This year I was lucky enough to attend the RESNA/NCART 2016 Conference. Between workshops, I browsed through the many different types of assistive technology and mobility aids vendors brought to the exhibit hall. This year’s stand-out piece of assistive technology was the Jaco2 Robotic Arm!
WHAT DOES IT DO?
The Jaco2 Robotic Arm enables users to independently interact with their environment. Most people who utilize this device have upper extremity impairments which make things like holding a utensil to eat, lifting a cup to drink, and pressing a doorbell to greet a friend, difficult.
Simply explained, the device has an axis like a shoulder that rotates, an axis like an elbow that can open and close, an axis like a wrist that rotates and bends, and three finger like components that gently grasp, like a hand.
The robotic arms mounts onto surfaces, such as a power chair arm, to allow use in all environments.

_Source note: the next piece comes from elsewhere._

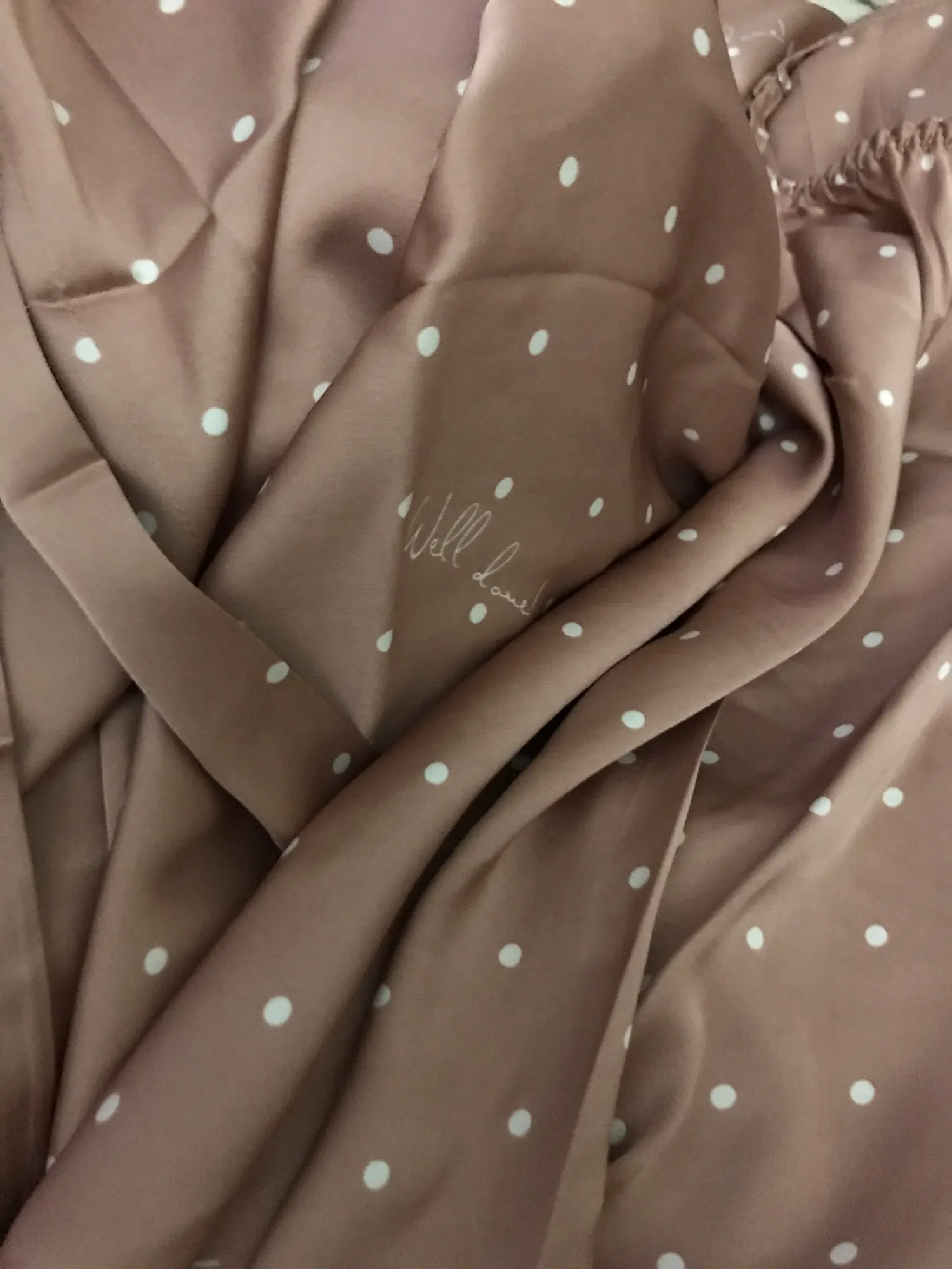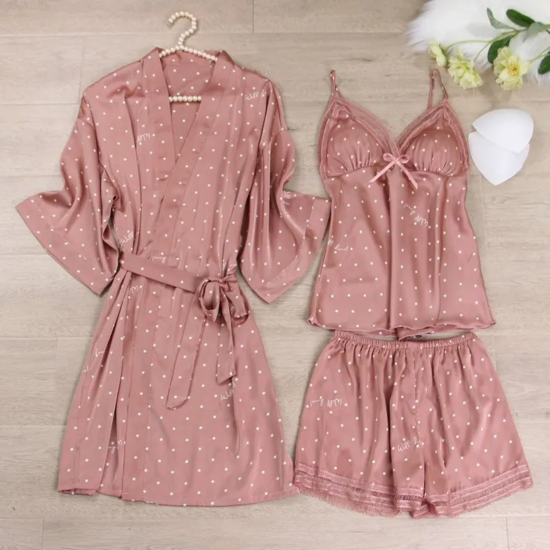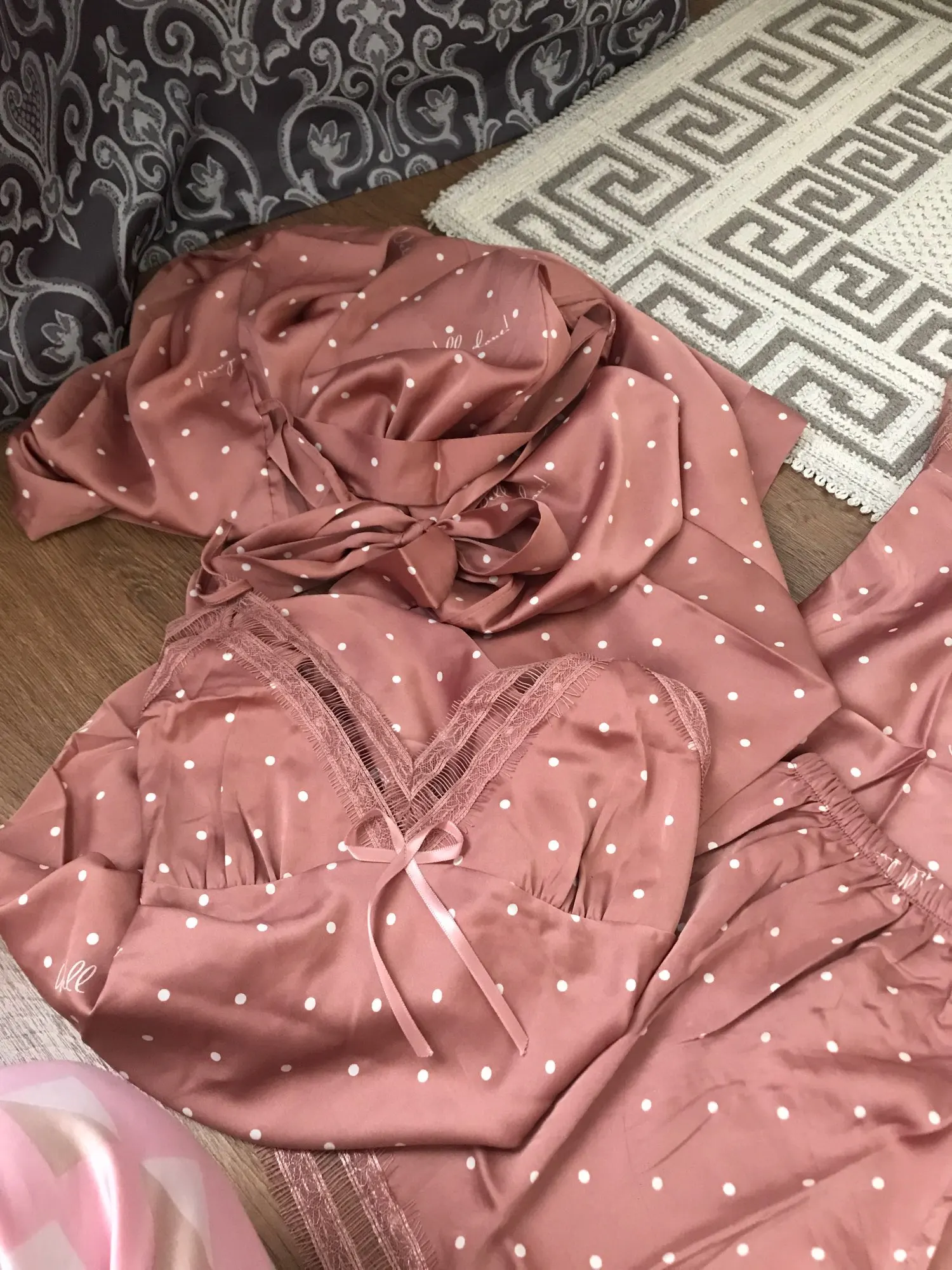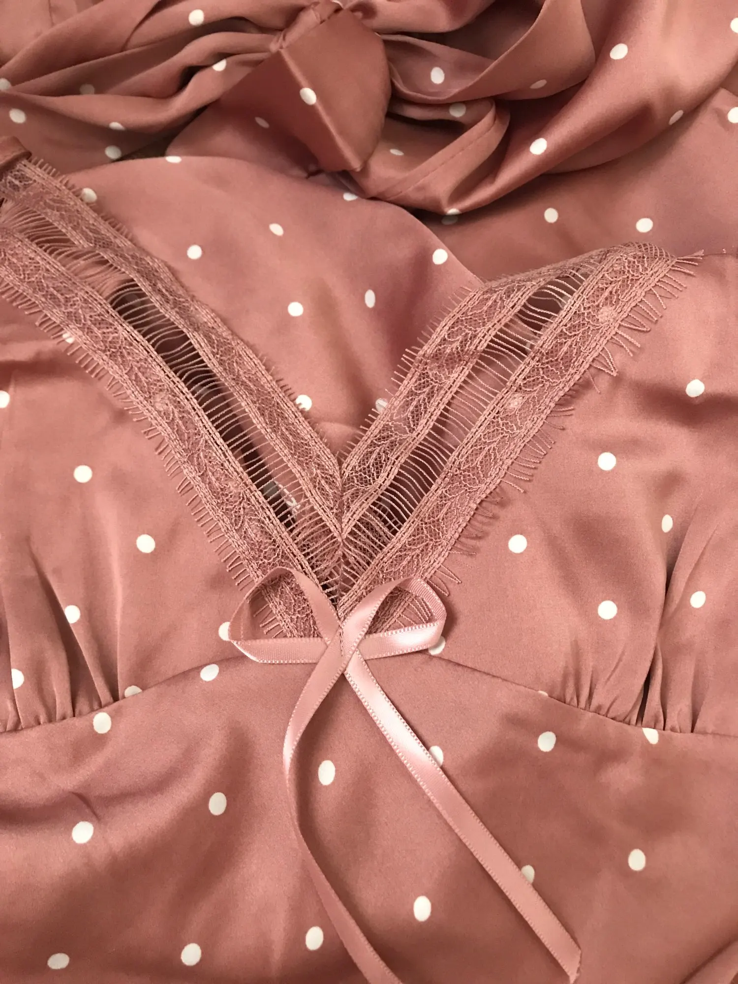 Комплект ночной рубашки и кимоно, в розовый горошек

It is controlled through either the power chair’s controller or a switch interface such as a sip-and-puff switch. Most user’s power the device through their power chair’s battery.
In the video below you will see several Jaco2 users performing everyday tasks like opening a drawer, shaving their face, picking up a stuffed animal for a child, feeding a dog a treat, and more.
I had the opportunity to try the device myself and thought it was very easy to learn and operate. It took me less than two minutes of explanation before I was picking up a drinking glass without any prompting. There are different settings user’s need to be able to switch back and forth from to operate different components of the the hand. Given more time, I feel like remembering the different settings is something users with fairly good cognition and memory could master within about two weeks of consistent operation.
My initial worry was the device would grasp items too tightly, but it is programmed to know exactly how much pressure needs to be applied to accomplish the task at hand. In other words, it has a very gentle touch!
Overall, there isn’t anything I would change about this device! I hope it is only the beginning of robotic assistive technology solutions!